The brand team’s focus on the primary emotional benefit of “helping Moms keep their kids happy” drove consideration, which was already high for their and competitors’ brands. But after Emotional Connection analysis, the team found that what actually drove purchase frequency, loyalty, and price realization were surprising emotional factors such as “reward myself” and “perform at a higher level” that didn’t come through in conventional research. Those successful emotional factors were about the Moms, not the kids.
Based on these precise and actionable insights, the brand reconfigured its messaging, reduced promotional activity, and invested in the touch points that the analytics said would generate higher Emotional Connection, such as the mobile app and consumer-generated website content. As a result, across its entire customer base, their Emotional Connection Score rose to 29 percent, surpassing the leading competitor. Overall household penetration grew from 12 to 15 percent, the average price per purchase increased 39 percent, and the click-through rate more than doubled – all of which drove a 21 percent increase in sales.

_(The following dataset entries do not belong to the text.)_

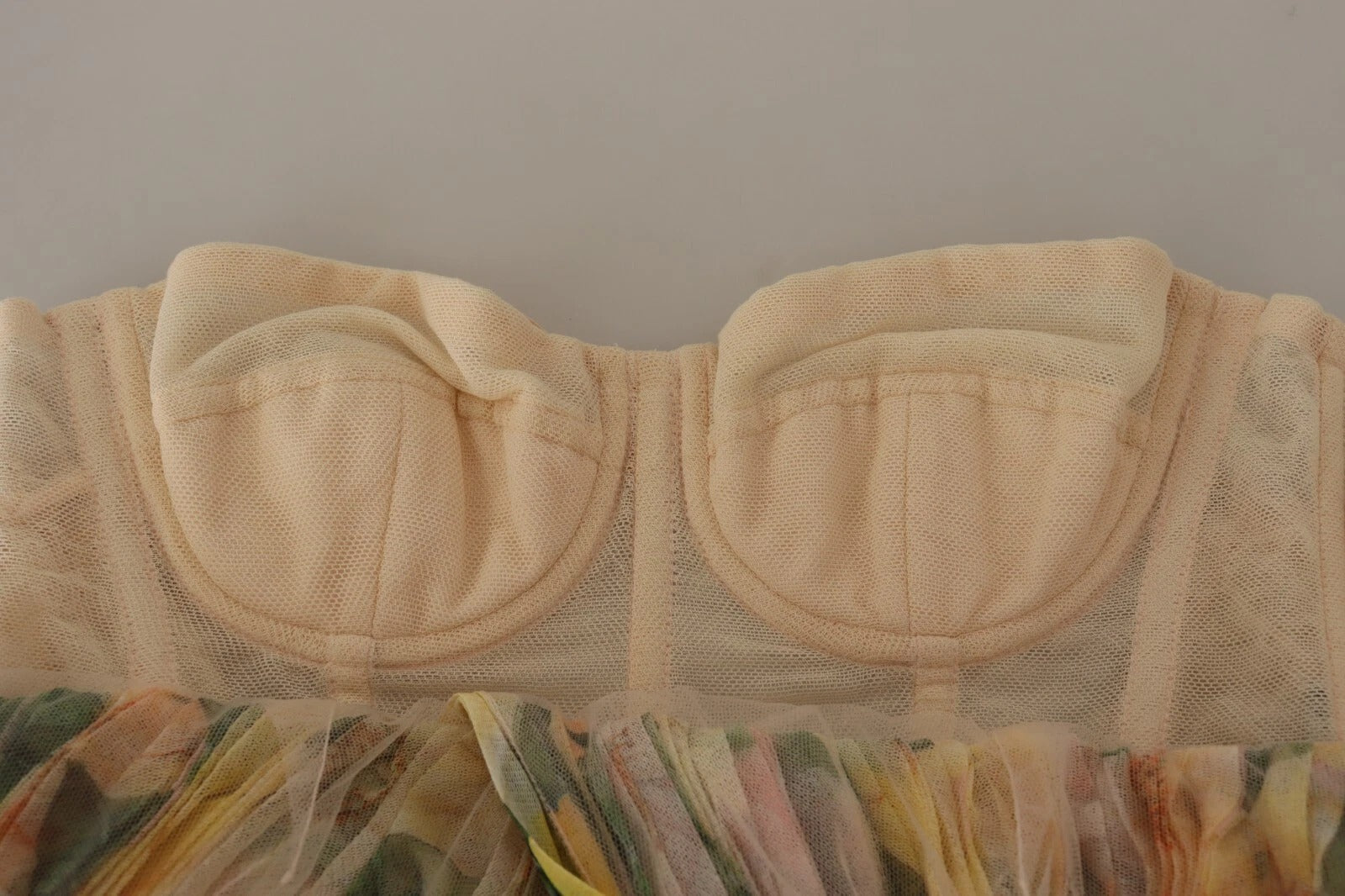Dolce & Gabbana Yellow Floral Print Pleated Maxi Dress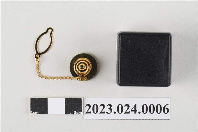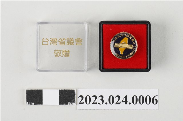 此為臺灣省議會紀念之金屬烤漆徽章,所見徽章作黑底金紋,中央飾有臺灣省議會大樓徽,周圍環繞中英文「中華民國臺灣省議會」字樣。並附正方形塑膠盒,盒蓋印有金字「臺灣省議會敬贈」。臺灣省議會原於1946年「臺灣省參議會」(原址於今臺北市南海路),為臺灣最高民意機構,後於1951年廢止,設「臺灣省臨時省議會」(1958年遷址臺中霧峰),1959年改為臺灣省議會。1998年省議會廢除後,原址設「臺灣省議會紀念園區」,省政代議制度亦正式走入歷史。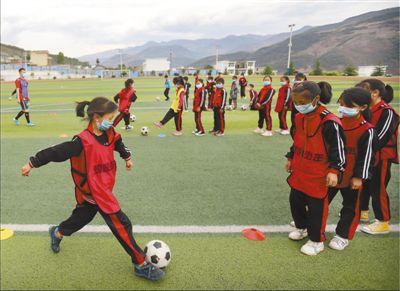 4月27日,在四川省涼山彝族自治州普格縣螺髻山鐵道兵希望學校的操場上,小球員在老師的指導下踢球。瀘州市龍馬潭區(qū)對口幫扶普格縣前方指揮部于2019年3月探索體育扶貧,在螺髻山鐵道兵希望學校組建了足球隊,從幫扶干部中選派體育教師,利用業(yè)余時間指導球隊訓練。男隊去年參加了涼山州青少年校園足球聯(lián)賽,并打進了男子組八強。王明峰 何海洋攝影報道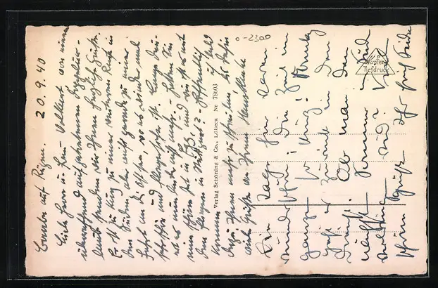 ungelaufen, Rückseite beschrieben 1940, guter Zustand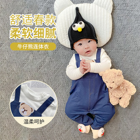 新款婴儿连体衣春秋可爱超萌洋气牛仔宝宝衣服春装哈衣...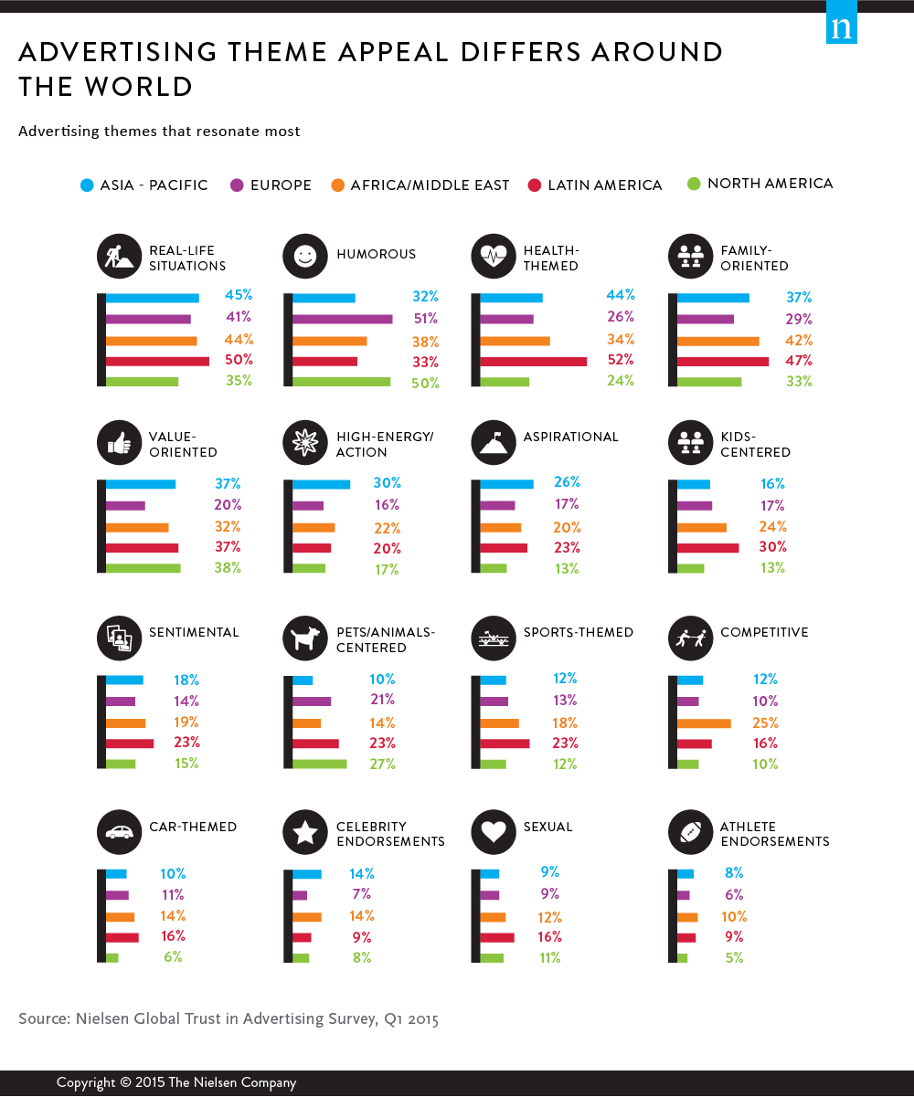 Nielsen’s latest Global Trust in Advertising Survey asked 30,000 online consumers what advertising themes are most impactful, and the results showed the types of messages that resonate most often differ by region and generation.
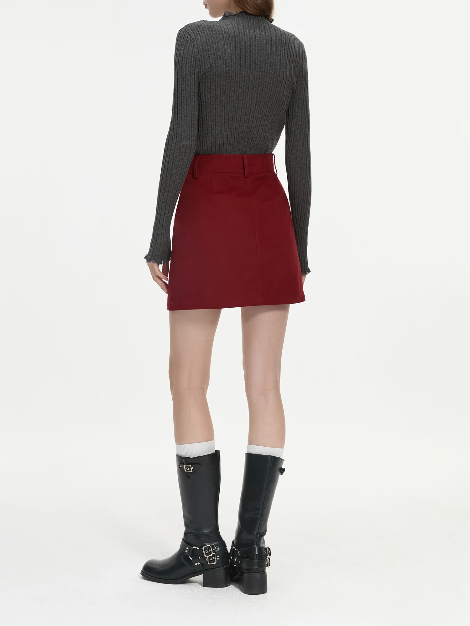 Women’s High Waist Twill Mini Skirt with Two Button Detail

This example illustrates the power of focusing big data and predictive analytics on the fundamental goal of all CPG companies: to generate an Emotional Connection with consumers. In an increasingly challenging and competitive marketplace, leading-edge CPG firms are leveraging Emotional Connection to revitalize lifetime customer value and organic revenue and profit growth.
Alan Zorfas is the Co-Founder and Chief Intelligence Officer of Motista, a predictive consumer intelligence firm. Daniel Leemon is a Senior Executive Advisor to Motista.